= Assigned task =
Your task is to reproduce the listing exactly, without its images.

= Working data =

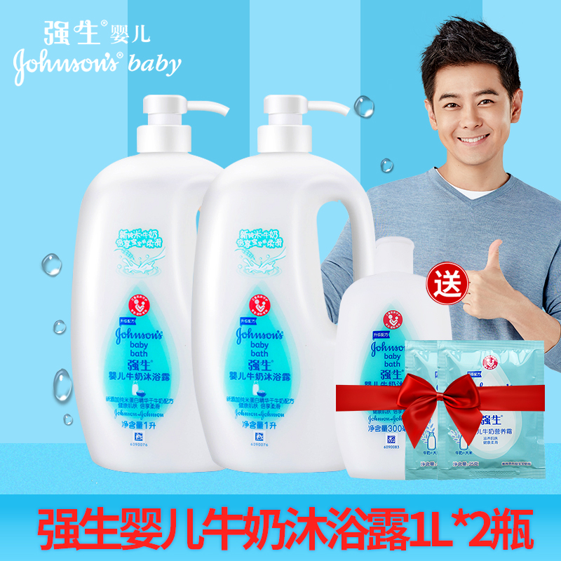 强生婴儿牛奶沐浴露1L家庭装新生儿童宝宝洗澡液沐浴乳买1送一
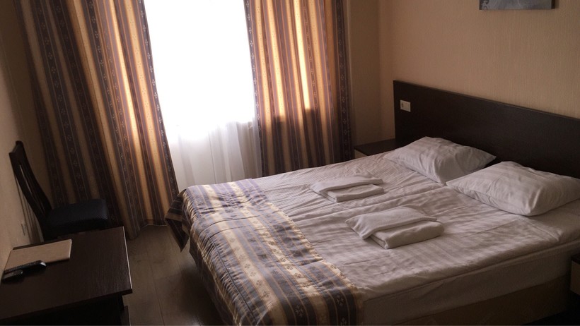 Зайдя в номер он не переставал удивлять от ужасного запаха до "интерьера", вся мебель ужасно старая, от матрасов, а точнее от пружин торчащих из матраса на утро болели бока, кровати скрипучие, белье рваное, одеял нет
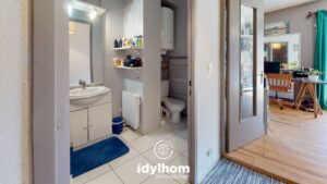 Il dispose d’une entrée avec placard, d’un séjour avec une cuisine aménagée ouvrant sur un balcon de 8 m2 exposé SUD, d’un coin nuit séparé par une porte coulissante, d’une salle de bains avec WC et d’une cave privative.
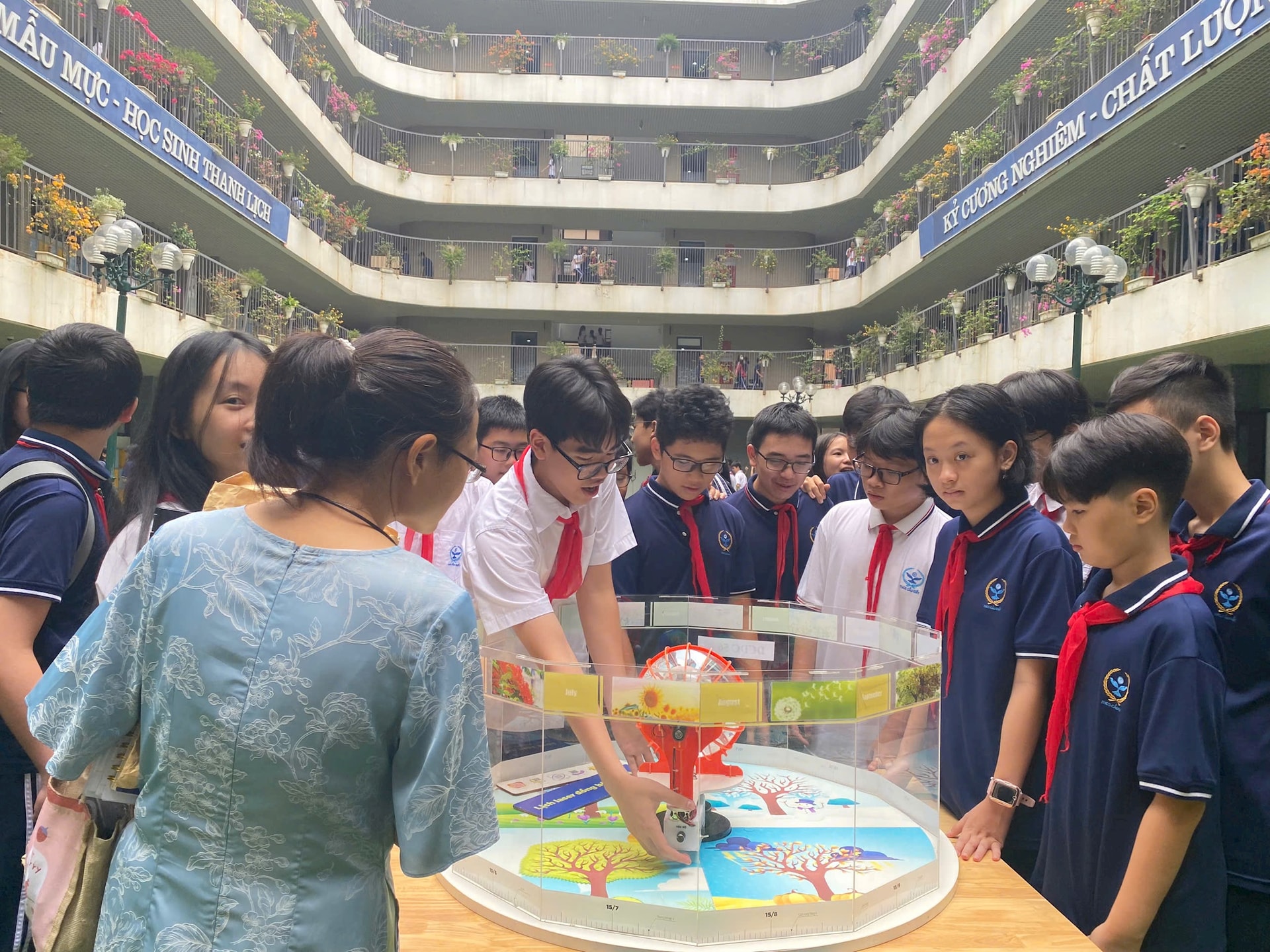 Với mô hình này, chúng em có thể quan sát và hiểu rõ hơn về sự khác biệt giữa ngày và đêm, sự thay đổi của các mùa trong năm, cũng như các hiện tượng nhật thực, nguyệt thực. Đặc biệt, mô hình này có thể dễ dàng sử dụng trong các buổi học tại trường hoặc tại nhà, giúp các bạn dễ dàng tiếp cận và học tập”.
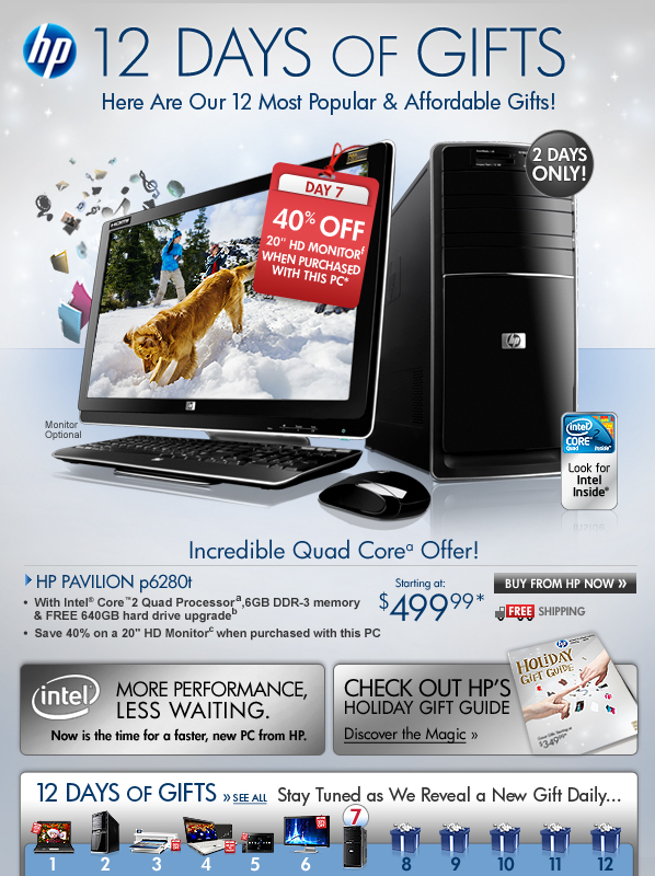 * Total savings achieved by combining EPP savings with instant savings. Offer is good while supplies last. Offer is also subject to change or cancellation at any time. See product page for details. Prices shown may include applicable instant savings. Restrictions apply to sale items and are subject to change without notice. Offer on HP Pavilion p6280t Desktop PC valid through 12/10/2009.

= The completed task =
 强生婴儿牛奶沐浴露1L家庭装新生儿童宝宝洗澡液沐浴乳买1送一
 Зайдя в номер он не переставал удивлять от ужасного запаха до "интерьера", вся мебель ужасно старая, от матрасов, а точнее от пружин торчащих из матраса на утро болели бока, кровати скрипучие, белье рваное, одеял нет
 Il dispose d’une entrée avec placard, d’un séjour avec une cuisine aménagée ouvrant sur un balcon de 8 m2 exposé SUD, d’un coin nuit séparé par une porte coulissante, d’une salle de bains avec WC et d’une cave privative.
 Với mô hình này, chúng em có thể quan sát và hiểu rõ hơn về sự khác biệt giữa ngày và đêm, sự thay đổi của các mùa trong năm, cũng như các hiện tượng nhật thực, nguyệt thực. Đặc biệt, mô hình này có thể dễ dàng sử dụng trong các buổi học tại trường hoặc tại nhà, giúp các bạn dễ dàng tiếp cận và học tập”.
 * Total savings achieved by combining EPP savings with instant savings. Offer is good while supplies last. Offer is also subject to change or cancellation at any time. See product page for details. Prices shown may include applicable instant savings. Restrictions apply to sale items and are subject to change without notice. Offer on HP Pavilion p6280t Desktop PC valid through 12/10/2009.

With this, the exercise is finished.